Location: In Town Hall, 70 East Main Street, Norton
Coordinates: 41°58’15.1″N 71°10’46.7″W
Date dedicated: 1913 (possibly May 1913)
Design/Manufacturer: T. F. McGann & Sons of Boston
The Town of Norton voted on March 6, 1911 to place a memorial tablet “in some suitable location” to honor those from their town who served in the Civil War. The plaque was originally installed in 1913 in the old Newcomb Town Hall on Taunton Avenue. The building was constructed in 1882 and gifted to the town by Harriet Augusta Newcomb in honor of her father, Nathaniel Newcomb.

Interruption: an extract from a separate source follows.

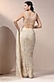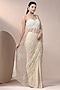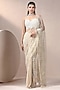 Featuring an ivory saree in chinon chiffon and net with pearl, beads and stones embroidery. It is paired with a blouse. Accentuate with statement earrings and heels for a festive occasion or wedding ceremony.

By the 1970s, the building was in disrepair and the town moved its offices elsewhere. Wheaton College eventually bought the structure, restored it, and presently uses it as the “Old Town Hall Bookstore at Wheaton College.”[1] When the Town of Norton offices relocated to the current Town Hall building in 1978, the Civil War plaque was reinstalled there.

Lewis Lauriat was one of the key organizers behind the creation of the tablet. He served with the 42nd Massachusetts Infantry, enlisting at the age of 19 after three previous attempts to enlist. After the war, he lived in Norton and became commander of the Grand Army of the Republic Post #170 in Mansfield. He died in 1936 at age 92, the last surviving member of the Mansfield Post.[2] He was involved in many civic organizations in both Norton and Mansfield.
The plaque was manufactured by T. F. McGann & Sons of Boston. They manufactured statues and tablets in granite, marble and bronze and had a foundry in Somerville. According to a newspaper account, the tablet was finished in May 1913, was exhibited in the window of their showroom for some days before the installation, and attracted a good deal of attention.[3] Given that it was completed in May, is likely the installation took place on Memorial Day of that year, May 30, 1913, although a definitive date is elusive.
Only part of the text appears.